In order to operate a consistent and cohesive research and development process, our team understands that the science we collect before, during and after treatment is best shared, correlated, compared and corroborated with other industry experts. Our in-house R&D team communicate regularly with doctors, physicians and other medical experts in order to build a broader landscape from which to examine our medicine and its effects. This imparting of knowledge across a network of industry experts allows Elbrit’s R&D team to strengthen our understanding of our product family and its reach within the community.

It is by monitoring, assessing and documenting the success pattern of a drug upon a patient’s health that we can continue to introduce the most innovative and effective products into the marketplace. With transparency and a mutual ethos, we believe the combining of shared expertise coupled with innovative development will ensure our continued commitment to supplying the most seamless and successful courses of treatment for our patients.

Our Patient. Our Priority

We endeavour to produce the highest quality medicine within our power and although our products undergo exhaustive regulatory testing in accordance with health guidelines, all medicines can still carry risk of side effects or adverse reaction. It is therefore important that physicians and patients themselves are mindful and vigilant in the monitoring and reporting of uncommon or unusual changes.

Pharmacovigilance is the science of monitoring, assessing, understanding, analysing and reporting the safety and safe use of pharmaceutical drugs.  To learn more about the work carried out by Elbrit’s Pharmacovigilance unit or to submit a question please click here.

We encourage all our patients to be as well-versed and educated as possible in the safe handling and administering of our medications. Here are a few tips to best practice when beginning a course of treatment.

  • Alert your doctor/physician to any historical and/or ongoing medical issues that may interfere or compound a new prescription. These can include but are not limited to: pregnancy, mental health, vulnerable age, breastfeeding and physical or mental ailments already receiving treatment.
  • Ask your doctor/physician what side effects may occur from your prescription and in what time period.
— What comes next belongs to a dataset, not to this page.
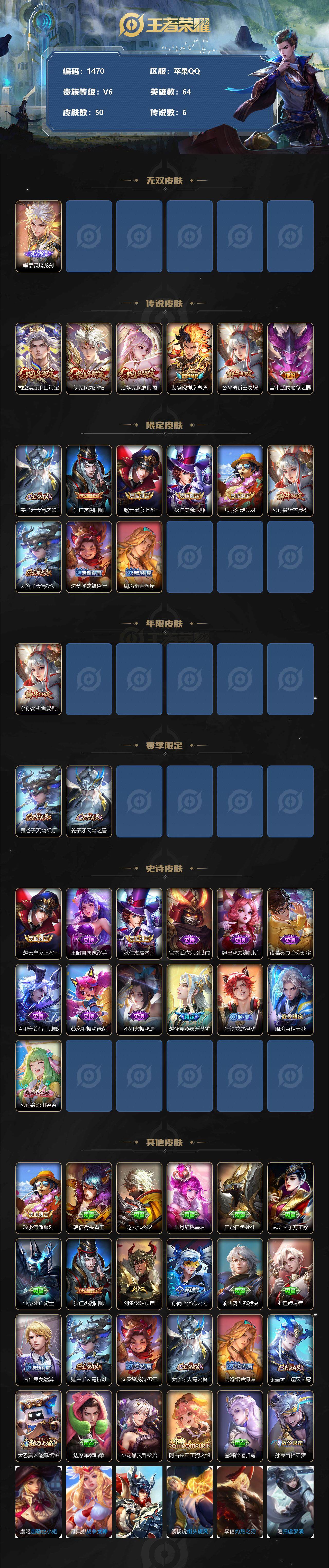 【商品标题】:1272377王者荣耀账号 苹果Q-V6-至尊星耀IV段位-64

Ask when improvements are likely to take effect, so that you can track your progress in accordance with the professional estimate.
  • Always thoroughly read the instructions provided with your medicine. Observe all possible side effects no matter how seemingly minor. Pay attention to warnings about mixing medicines and refrain from participating in activities that are unadvisable during treatment.
  • Adhere to the dosage and timings stipulated.
  • Keep an inventory of how you are reacting in mind and body to your treatment. If you recognise adverse symptoms or unspecified side effects please contact your doctor/ physician immediately.

The Research and Development team at Elbrit are diligent in their efforts to oversee production, monitor and modernise the risks and successes of pharmaceuticals and to deliver to the patient the most innovative, translatable and sustainable course of treatment available.